Exercise goal:
Search for the word "clicking" in the entries. Each line that holds it should be copied.

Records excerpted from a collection

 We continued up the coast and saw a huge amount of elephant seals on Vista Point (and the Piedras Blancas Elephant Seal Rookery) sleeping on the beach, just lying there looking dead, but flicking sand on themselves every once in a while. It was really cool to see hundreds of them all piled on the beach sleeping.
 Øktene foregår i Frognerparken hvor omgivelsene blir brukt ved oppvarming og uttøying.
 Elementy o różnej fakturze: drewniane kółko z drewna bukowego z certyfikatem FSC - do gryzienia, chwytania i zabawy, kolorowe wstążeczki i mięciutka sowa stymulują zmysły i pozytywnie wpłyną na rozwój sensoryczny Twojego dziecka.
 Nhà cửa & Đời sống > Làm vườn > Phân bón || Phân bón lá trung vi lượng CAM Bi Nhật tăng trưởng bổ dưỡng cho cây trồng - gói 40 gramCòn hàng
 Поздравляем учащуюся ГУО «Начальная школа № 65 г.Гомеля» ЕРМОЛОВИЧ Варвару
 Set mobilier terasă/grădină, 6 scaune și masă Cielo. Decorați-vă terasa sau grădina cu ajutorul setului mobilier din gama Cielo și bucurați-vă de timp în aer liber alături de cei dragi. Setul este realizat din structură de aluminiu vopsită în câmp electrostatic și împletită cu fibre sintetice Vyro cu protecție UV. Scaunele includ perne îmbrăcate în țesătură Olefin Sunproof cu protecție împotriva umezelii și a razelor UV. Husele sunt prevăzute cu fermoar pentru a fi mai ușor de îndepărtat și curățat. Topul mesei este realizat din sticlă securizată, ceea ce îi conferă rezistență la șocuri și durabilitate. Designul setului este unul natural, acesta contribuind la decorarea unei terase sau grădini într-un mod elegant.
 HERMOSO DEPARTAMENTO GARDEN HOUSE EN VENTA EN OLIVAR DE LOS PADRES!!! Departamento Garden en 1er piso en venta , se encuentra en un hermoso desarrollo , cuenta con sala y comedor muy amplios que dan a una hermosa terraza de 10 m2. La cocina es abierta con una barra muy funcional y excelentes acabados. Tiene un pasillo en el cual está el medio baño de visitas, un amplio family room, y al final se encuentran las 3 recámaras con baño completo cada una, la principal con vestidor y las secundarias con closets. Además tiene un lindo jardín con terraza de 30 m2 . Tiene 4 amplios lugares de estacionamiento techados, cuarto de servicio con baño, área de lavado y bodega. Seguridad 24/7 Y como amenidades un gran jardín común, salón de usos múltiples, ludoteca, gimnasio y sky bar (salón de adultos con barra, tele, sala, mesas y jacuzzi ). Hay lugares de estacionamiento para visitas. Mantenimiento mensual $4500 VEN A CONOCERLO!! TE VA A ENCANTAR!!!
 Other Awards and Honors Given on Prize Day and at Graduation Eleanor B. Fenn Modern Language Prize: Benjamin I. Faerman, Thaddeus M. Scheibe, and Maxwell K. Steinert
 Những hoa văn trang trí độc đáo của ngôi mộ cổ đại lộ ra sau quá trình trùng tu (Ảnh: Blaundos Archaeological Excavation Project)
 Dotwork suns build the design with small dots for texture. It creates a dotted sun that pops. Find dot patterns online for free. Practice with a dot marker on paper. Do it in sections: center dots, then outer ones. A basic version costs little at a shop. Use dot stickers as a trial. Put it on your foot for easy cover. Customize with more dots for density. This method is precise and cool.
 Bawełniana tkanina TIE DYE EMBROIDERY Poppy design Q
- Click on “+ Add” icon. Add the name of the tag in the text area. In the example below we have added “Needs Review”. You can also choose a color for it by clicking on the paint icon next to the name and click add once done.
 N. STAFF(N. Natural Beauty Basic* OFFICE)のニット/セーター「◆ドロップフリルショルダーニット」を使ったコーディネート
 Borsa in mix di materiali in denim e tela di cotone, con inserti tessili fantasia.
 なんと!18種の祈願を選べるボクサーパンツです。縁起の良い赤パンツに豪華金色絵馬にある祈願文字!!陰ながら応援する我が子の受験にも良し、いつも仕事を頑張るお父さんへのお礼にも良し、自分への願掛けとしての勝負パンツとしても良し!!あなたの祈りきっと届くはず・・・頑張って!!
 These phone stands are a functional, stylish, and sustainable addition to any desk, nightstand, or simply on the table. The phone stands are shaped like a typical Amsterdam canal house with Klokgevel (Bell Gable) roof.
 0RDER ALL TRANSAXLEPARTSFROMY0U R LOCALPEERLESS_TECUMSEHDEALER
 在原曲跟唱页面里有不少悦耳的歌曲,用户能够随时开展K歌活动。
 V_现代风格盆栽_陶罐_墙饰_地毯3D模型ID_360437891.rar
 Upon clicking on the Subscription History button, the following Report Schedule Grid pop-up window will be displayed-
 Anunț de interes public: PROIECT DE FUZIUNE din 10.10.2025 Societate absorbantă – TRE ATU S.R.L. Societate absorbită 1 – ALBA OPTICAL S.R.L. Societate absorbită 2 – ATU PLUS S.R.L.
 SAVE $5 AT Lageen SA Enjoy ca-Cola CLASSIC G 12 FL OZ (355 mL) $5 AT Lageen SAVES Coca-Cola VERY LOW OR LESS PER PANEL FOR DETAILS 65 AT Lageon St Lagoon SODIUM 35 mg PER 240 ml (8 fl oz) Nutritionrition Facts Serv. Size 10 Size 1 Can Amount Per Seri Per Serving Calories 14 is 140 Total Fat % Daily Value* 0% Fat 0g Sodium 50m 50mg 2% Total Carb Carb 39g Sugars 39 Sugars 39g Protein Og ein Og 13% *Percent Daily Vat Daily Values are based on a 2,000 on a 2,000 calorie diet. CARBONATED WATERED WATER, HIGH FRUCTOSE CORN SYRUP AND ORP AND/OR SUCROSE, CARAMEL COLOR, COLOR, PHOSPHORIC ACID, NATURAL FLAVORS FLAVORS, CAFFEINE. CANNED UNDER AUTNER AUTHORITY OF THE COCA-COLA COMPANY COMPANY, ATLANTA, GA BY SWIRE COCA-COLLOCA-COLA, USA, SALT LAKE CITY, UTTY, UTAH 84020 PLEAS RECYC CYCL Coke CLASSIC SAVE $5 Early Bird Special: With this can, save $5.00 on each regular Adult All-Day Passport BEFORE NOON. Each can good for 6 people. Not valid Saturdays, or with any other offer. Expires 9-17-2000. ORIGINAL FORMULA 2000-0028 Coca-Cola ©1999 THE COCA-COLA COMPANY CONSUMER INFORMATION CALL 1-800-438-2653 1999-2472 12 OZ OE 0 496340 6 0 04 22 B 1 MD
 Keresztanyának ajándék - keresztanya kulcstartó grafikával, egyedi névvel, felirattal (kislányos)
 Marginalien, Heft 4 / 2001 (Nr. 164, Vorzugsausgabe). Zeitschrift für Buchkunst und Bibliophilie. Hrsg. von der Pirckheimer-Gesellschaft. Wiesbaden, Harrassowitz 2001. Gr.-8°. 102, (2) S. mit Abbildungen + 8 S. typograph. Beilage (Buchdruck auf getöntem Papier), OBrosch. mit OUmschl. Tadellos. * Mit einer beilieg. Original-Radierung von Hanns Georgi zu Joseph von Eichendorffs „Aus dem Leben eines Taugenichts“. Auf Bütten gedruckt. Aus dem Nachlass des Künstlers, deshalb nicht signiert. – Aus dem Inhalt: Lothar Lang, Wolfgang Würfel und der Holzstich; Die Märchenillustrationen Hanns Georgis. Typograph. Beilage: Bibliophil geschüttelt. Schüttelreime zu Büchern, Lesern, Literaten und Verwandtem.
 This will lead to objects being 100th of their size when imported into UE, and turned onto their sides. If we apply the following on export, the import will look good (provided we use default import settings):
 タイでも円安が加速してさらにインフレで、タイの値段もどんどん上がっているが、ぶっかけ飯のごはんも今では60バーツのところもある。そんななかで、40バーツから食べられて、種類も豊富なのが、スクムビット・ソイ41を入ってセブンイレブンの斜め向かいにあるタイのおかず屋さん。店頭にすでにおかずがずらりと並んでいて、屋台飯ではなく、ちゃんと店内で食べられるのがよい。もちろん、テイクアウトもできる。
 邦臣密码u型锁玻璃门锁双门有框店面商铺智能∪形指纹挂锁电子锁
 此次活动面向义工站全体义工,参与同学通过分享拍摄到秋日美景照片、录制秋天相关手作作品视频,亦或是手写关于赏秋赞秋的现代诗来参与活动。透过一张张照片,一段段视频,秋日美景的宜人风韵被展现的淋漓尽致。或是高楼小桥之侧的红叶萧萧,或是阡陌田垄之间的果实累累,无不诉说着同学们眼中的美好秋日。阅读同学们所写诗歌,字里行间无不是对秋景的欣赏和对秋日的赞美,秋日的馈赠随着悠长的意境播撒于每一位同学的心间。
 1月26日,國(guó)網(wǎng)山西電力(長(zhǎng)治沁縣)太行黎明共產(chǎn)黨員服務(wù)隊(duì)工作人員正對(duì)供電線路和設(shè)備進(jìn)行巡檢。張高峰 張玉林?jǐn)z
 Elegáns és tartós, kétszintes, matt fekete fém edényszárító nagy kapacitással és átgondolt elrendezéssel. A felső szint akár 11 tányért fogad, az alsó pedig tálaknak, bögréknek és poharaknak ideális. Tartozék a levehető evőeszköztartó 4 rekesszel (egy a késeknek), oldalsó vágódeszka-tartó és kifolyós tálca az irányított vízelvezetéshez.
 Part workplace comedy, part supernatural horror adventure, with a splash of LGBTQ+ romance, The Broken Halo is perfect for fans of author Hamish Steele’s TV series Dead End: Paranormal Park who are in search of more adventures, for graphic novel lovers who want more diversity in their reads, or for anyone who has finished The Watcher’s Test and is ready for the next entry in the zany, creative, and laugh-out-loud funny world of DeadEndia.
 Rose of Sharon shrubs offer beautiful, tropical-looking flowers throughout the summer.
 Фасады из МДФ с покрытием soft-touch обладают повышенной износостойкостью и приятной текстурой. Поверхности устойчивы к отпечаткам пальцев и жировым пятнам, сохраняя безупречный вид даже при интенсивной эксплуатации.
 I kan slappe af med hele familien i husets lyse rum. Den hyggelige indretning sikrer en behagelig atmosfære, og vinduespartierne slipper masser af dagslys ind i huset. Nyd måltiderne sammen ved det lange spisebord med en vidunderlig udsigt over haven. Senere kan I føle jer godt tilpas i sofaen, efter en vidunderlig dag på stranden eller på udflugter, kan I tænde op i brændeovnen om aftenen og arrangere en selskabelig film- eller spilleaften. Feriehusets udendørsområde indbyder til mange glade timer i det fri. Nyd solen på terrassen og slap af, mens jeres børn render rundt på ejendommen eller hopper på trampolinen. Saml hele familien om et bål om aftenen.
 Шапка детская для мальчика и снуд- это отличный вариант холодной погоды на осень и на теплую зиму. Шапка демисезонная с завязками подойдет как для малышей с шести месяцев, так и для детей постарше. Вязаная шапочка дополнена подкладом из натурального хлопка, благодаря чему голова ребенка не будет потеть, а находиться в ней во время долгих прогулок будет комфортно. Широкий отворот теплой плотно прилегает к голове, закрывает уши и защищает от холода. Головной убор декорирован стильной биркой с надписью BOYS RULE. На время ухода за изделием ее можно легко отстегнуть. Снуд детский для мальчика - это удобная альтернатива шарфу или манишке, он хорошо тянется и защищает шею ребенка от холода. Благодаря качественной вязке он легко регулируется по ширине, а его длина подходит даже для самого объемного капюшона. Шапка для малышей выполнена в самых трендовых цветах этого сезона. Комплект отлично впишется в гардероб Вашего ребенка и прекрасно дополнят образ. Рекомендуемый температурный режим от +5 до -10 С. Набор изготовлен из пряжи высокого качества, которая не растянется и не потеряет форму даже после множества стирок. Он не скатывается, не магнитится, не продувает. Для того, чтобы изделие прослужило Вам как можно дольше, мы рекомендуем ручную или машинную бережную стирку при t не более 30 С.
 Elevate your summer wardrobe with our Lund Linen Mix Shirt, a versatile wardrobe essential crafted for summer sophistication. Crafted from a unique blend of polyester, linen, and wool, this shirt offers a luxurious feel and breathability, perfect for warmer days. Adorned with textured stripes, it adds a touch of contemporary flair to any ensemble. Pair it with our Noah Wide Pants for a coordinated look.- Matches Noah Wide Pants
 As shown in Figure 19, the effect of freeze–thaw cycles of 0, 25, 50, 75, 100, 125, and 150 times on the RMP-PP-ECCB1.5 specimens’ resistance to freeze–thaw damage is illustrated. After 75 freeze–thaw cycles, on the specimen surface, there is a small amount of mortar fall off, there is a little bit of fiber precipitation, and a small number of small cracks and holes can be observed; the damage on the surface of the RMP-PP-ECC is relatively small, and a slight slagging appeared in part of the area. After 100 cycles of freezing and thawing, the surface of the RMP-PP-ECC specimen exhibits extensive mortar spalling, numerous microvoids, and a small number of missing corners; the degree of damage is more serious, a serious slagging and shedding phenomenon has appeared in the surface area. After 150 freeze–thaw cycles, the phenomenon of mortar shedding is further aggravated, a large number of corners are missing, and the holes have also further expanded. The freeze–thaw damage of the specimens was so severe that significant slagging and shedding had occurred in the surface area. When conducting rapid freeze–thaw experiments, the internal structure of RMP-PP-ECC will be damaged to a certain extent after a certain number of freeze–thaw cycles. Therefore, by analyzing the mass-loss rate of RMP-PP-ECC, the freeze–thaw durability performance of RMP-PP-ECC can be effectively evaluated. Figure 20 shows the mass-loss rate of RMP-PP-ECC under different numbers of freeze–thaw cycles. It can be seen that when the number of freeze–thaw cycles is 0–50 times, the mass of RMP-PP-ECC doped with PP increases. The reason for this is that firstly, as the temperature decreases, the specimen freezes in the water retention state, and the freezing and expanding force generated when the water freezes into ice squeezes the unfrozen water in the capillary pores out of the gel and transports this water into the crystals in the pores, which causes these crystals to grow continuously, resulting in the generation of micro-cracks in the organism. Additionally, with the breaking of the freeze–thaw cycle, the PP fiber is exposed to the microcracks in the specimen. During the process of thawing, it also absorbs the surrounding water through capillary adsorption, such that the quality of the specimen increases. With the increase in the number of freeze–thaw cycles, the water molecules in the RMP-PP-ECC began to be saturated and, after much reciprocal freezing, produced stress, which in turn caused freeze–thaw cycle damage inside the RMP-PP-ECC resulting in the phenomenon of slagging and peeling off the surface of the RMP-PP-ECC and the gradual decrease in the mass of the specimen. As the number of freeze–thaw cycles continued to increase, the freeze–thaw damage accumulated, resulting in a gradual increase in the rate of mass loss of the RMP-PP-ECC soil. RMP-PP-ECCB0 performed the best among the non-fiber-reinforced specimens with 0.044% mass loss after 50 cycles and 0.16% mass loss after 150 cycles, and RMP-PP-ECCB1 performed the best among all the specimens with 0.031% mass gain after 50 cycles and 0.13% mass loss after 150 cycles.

Solution:
- Click on “+ Add” icon. Add the name of the tag in the text area. In the example below we have added “Needs Review”. You can also choose a color for it by clicking on the paint icon next to the name and click add once done.
 Upon clicking on the Subscription History button, the following Report Schedule Grid pop-up window will be displayed-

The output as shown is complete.